A moment later he’d watched with sick dismay as her skin darkened to purple and then black. Another one of mine, he’d thought.
Yet somehow they had become friends. Not lovers, of course, except sometimes in his dreams; her capillaries ruptured at the slightest pressure, and to her hypersensitive nervous system even the lightest touch was painful. A gentle caress turned her black and blue; lovemaking would probably kill her. But friends, yes. She never asked him for anything he could
not give, and so he could never fail her.
Breakfast was served by a hunchbacked black woman named Ruth who had pale blue feathers instead of hair. “The man brought this for you this morning,” she told Angelface after she’d set the table, handing across a thick, square packet wrapped in brown paper. Angelface accepted it without comment while Tachyon drank his brandy-laced coffee and lifted knife and fork to stare with sick dismay at the implacable bacon and eggs.
“Don’t look so stricken,” Angelface said.
“I don’t think I’ve told you about the time the Network starship came to Takis, and what my great-grandmother Amurath had to say to the Ly’bahr envoy,” he began.
“No,” she said. “Go on. I like your great-grandmother.”
“That’s one of us. She terrifies me,” Tachyon said, and launched into the story.
Tom woke well before dawn, while Joey was snoring in the back room. He brewed a pot of coffee in a battered percolator and popped a Thomas’ English muffin into the toaster. While the coffee perked, he folded the hide-a-bed back into a couch. He covered his muffins with butter and strawberry preserves, and looked around for something to read. The comics beckoned.

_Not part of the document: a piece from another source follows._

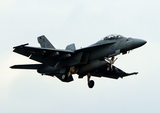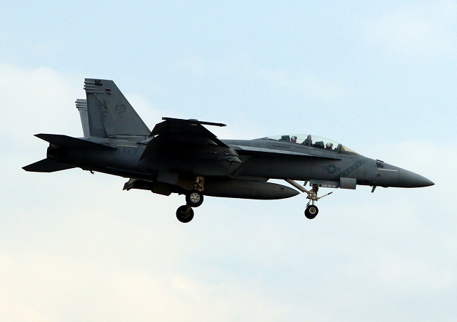 米海軍艦載機 F/A-18F スーパーホーネット 戦闘攻撃機(岩国基地)、NF、116番機が帰還 |

He remembered the day they’d saved them. Most had been his, originally, including the run of Jetboy he got from his dad. He’d loved those comics. And then one day in 1954 he’d come home from school and found them gone, a full bookcase and two orange crates of funny books vanished. His mother said some women from the PTA had come by to tell her what awful things comic books were. They’d shown her a copy of a book by a Dr. Wertham about how comics turned kids into juvenile delinquents and homos, and how they glorified aces and jokers, and so his mother had let them take Tom’s collection. He screamed and yelled and threw a tantrum, but it did no good.
The PTA had gathered up comic books from every kid in school. They were going to burn them all Saturday, in the schoolyard. It was happening all over the country; there was even talk of a law banning comic books, or at least the kinds about horror and crime and people with strange powers.